New regulator chair pledges 'maximum synergy' with Bank
The chairman-designate of the Financial Services Authority, Turner of Ecchinswell, told MPs yesterday: "However hard one tries, something will go wrong."
Lord, formerly Adair, Turner was giving evidence to the Treasury Select Committee. He is due to take over as Chairman of the FSA in September. He will serve a five-year term when the current chairman, Callum McCarthy, steps down.
His attempt to massage expectations for the Authority's ability to prevent financial catastrophe comes at the end of a torrid year for the FSA, notable for widespread criticism of its performance during the Northern Rock crisis.
The new chairman of the FSA pledged to ensure there is "maximum synergy" between the FSA and the Bank of England to ensure the stability of the financial system. "The Bank, through its financial stability analysis, is well placed to identify emerging trends which may have implications for the appropriate focus of individual firm supervision and the FSA, through its supervision may be aware of emerging patterns which the Bank's financial stability team should be investigating in more detail," he said.
Lord Turner also said that the normal market forces of supply and demand, rather than speculation, has been responsible for record oil prices.

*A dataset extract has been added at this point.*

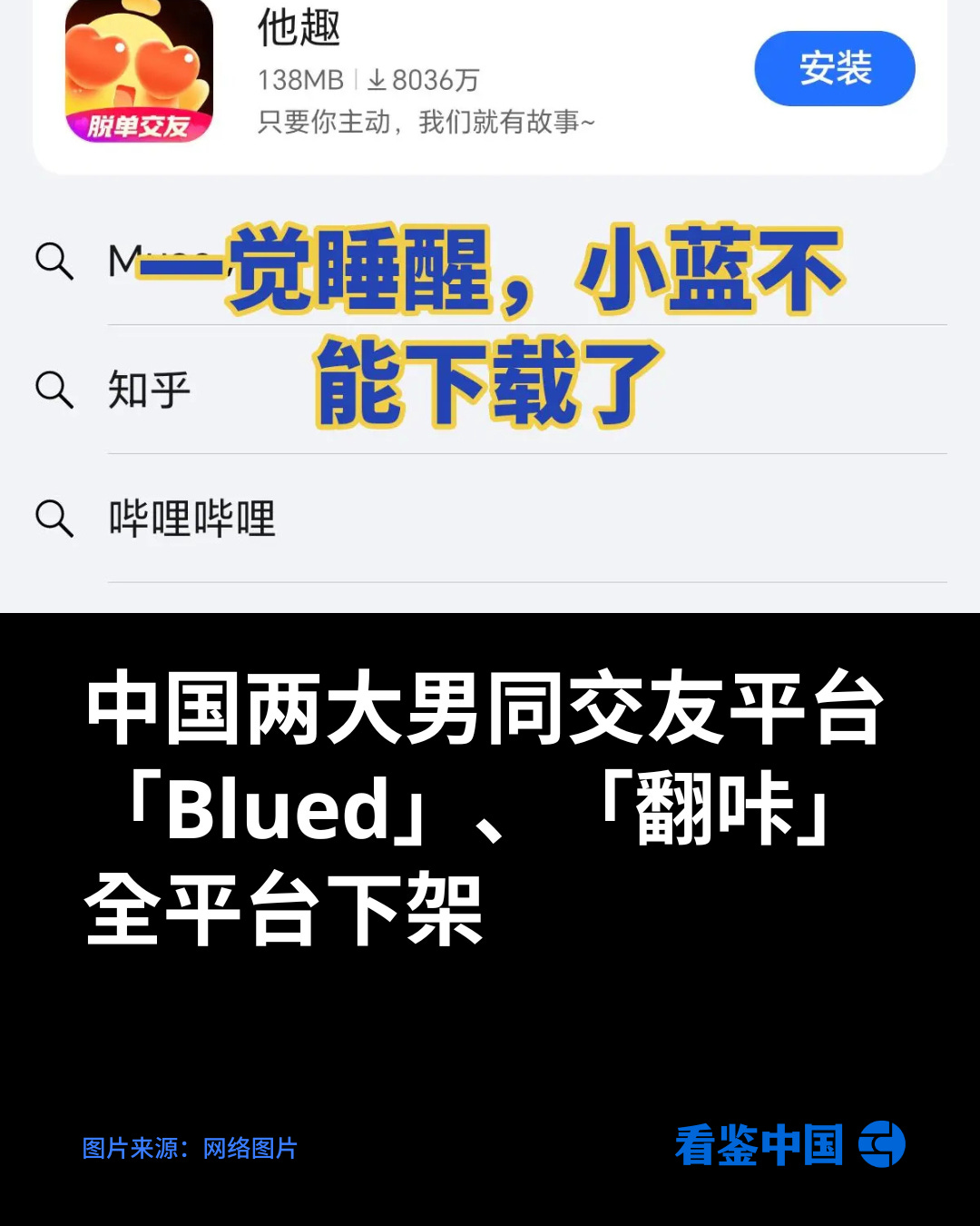 中国两大男同交友平台 「Blued」、「翻咔」全平台下架

H e pointed to continuing strong demand for oil and other commodities coming from the emerging market economies as the major factor in the trend: "There's no large accumulation of evidence that speculation is playing a major role in what's happening to oil prices."
Lord Turner, a former head of the Confederation of British Industry, will continue to chair the shadow (non-statutory) Climate Change Committee until December.